▼

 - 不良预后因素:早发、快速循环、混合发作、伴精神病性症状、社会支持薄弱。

▲
▼

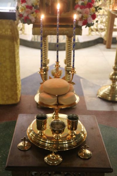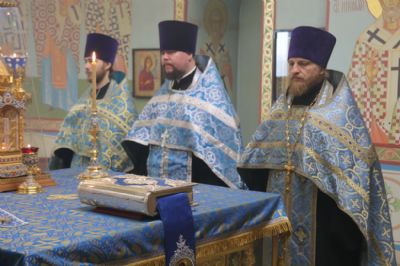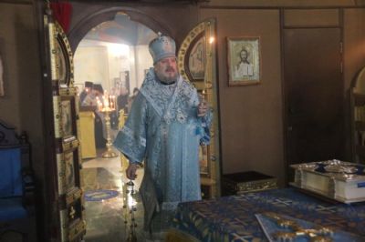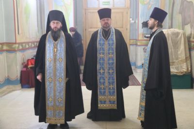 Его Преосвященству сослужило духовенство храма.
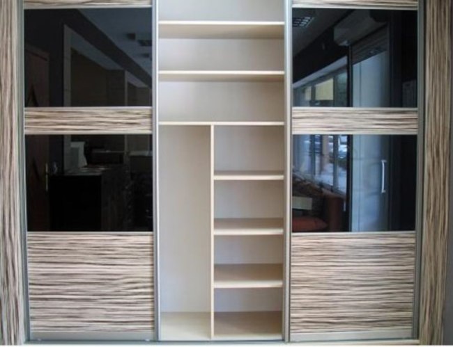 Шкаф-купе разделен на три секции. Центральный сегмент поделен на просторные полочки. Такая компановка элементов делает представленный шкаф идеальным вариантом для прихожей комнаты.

▲

> _Problem requirements_: When you reach the line holding "Его Преосвященству сослужило" in the listing above, begin retyping exactly, and stop once the line holding "Шкаф-купе разделен на" is done; pictures stay out.

> _Solution to this task_:
 Его Преосвященству сослужило духовенство храма.
 Шкаф-купе разделен на три секции. Центральный сегмент поделен на просторные полочки. Такая компановка элементов делает представленный шкаф идеальным вариантом для прихожей комнаты.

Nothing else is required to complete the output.